Learning by ironing out loss landscape wrinkles

13 2 minutes read

[Submitted on 26 May 2025 (v1), last revised 24 Oct 2025 (this version, v3)]

View PDF of the article Rolling Ball Optimizer: Learning by Unlearning the Wrinkles of Missing Landscapes, by Muhammad Jamal al-Din Balghamari and 4 other authors

View PDF HTML (beta)

a summary:Training large neural networks (NNs) requires optimizing high-dimensional data-driven loss functions. The optimization landscape of these functions is often very complex, tight, even fractal-like, with many spurious local minima, poorly fitted valleys, degenerate points, and saddle points. Complicating matters is the fact that these landscape properties are a function of the data, which means that noise in the training data can propagate forward and give rise to unrepresentative undersized geometry. This poses a difficulty for gradient-based optimization methods, which rely on local geometry to compute updates and are therefore vulnerable to being sidetracked by noisy data. In practice, this translates into a strong dependence of the optimization dynamics on the noise in the data, i.e. poor generalization performance. To address this problem, we propose a new optimization: Rolling Ball Optimizer (RBO), which breaks this spatial locality by incorporating information from a larger region of the loss scene into its updates. We achieve this by simulating the motion of a solid ball of finite radius rolling over the loss scene, which is a straightforward generalization of gradient descent (GD) that is simplified in the infinitesimal limit.
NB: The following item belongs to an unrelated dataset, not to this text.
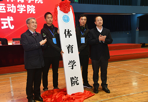 何光彩、王焰新共同为体育学院揭牌

The radius acts as a hyperparameter that defines the scale at which the RBO views the loss scene, allowing control over the precision of its interaction with it. We are motivated by the intuition that the large-scale geometry of the loss landscape is less specific to the data than its fine structure, and is easier to optimize. We support this intuition by demonstrating that our algorithm has a smoothing effect on the loss function. Evaluation against SGD, SAM, and Entropy-SGD on MNIST and CIFAR-10/100 shows promising results in terms of convergence speed, training accuracy, and generalization performance.